To be guilty of serious crime you must intend to do the prohibited thing. Intention is the fundamental requirement for liability. Those two statements require some qualification. Recklessness is often sufficient. There is a difference between a person who actually does the act (the principal offender) and one of the two sorts of secondary participants. The first sort of secondary parties are those who aid, abet, counsel or procure the commission of the offence. These people are liable if, like the principal, they intend the prohibited acts (or are reckless as to whether or not they occur). But, the second sort of secondary party, the one we will be concerned with here, is the person who assists in the commission of one offence, knowing that the principal “could” commit another offence; the question is, what sort of state of mind is needed by the secondary party for liability for that other offence?
I have put the word “could” in quotation marks because there is some variation in the law about what attitude the secondary party must have towards the commission of that other offence. In New Zealand, s 66(2) of the Crimes Act 1961 puts it like this:
“Where 2 or more persons form a common intention to prosecute any unlawful purpose, and to assist each other therein, each of them is a party to every offence committed by any one of them in the prosecution of the common purpose if the commission of that offence was known to be a probable consequence of the prosecution of the common purpose.”
The critical phrase here is “known to be a probable consequence”. Although this sort of secondary party can be liable without actually intending that the other offence be committed, he must regard its commission as a “probable”, rather than a “possible” consequence. This puts the requirement as higher than recklessness, which is usually understood to mean taking a known risk.
There is, therefore, room for some dissatisfaction with this law, as the principal offender may, depending on the definition of the offence in question, only be liable for prohibited conduct that he intended, while the secondary participant is liable merely because he knew its occurrence was probable even if he didn’t want it to happen.
The law of homicide is usually the source of illustrations by commentators, but this is a bad example. To put it in simplified terms, murder can be committed by the principal offender even though he doesn’t intend to kill: recklessness is sufficient. There is not, therefore, the disparity between parties as there might be in relation to some other offences. Nevertheless, in Clayton v R [2006] HCA 58 (13 December 2006) the appellants, convicted as secondary parties to murder, asked the High Court of Australia to change the law. In Victoria, the state of mind required by this sort of secondary party is defined by common law as knowledge that the commission of the other offence (here, murder) was “possible”. This is a lower standard for liability than “probable”. Kirby J, dissenting, thought that the anomalies in the law would be avoided if the requirement was changed to “probable” (para 121), but the other members of the Court declined to change the common law, emphasising that there was no disparity between the forms of liability as the principal could be liable without intending to kill (para 16), and that the issue might really amount to a change in the law of homicide, a matter that should be left to the legislature (para 19).

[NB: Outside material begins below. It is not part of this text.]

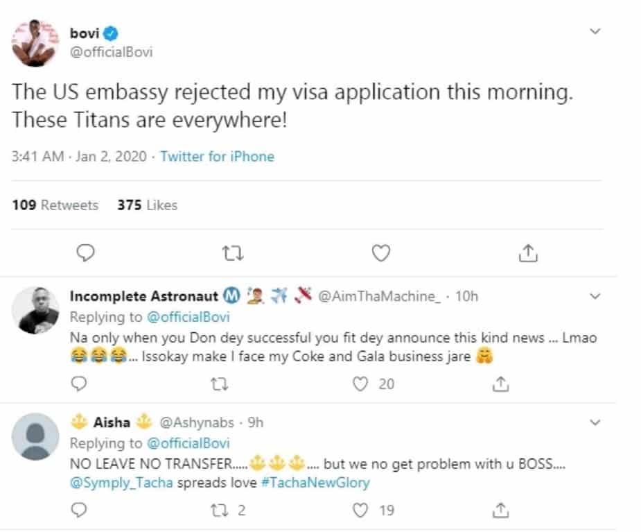 “The US embassy rejected my visa application. These Titans are everywhere”- Comedian Bovi

At para 20 the majority refer to the jurisprudential basis for the different forms of liability:
“Further, no change could be undertaken to the law of extended common purpose without examining the whole of the law with respect to secondary liability for crime. The history of the distinction between joint enterprise liability and secondary liability as an aider, abettor, counsellor or procurer of an offence has recently been traced by Professor Simester ["The Mental Element in Complicity", (2006) 122 Law Quarterly Review 578 at 596-598]. As that author demonstrates [at 598-599], liability as an aider and abettor is grounded in the secondary party's contribution to another's crime. By contrast, in joint enterprise cases, the wrong lies in the mutual embarkation on a crime, and the participants are liable for what they foresee as the possible results of that venture. In some cases, the accused may be guilty both as an aider and abettor, and as participant in a joint criminal enterprise. That factual intersection of the two different sets of principles does not deny their separate utility.”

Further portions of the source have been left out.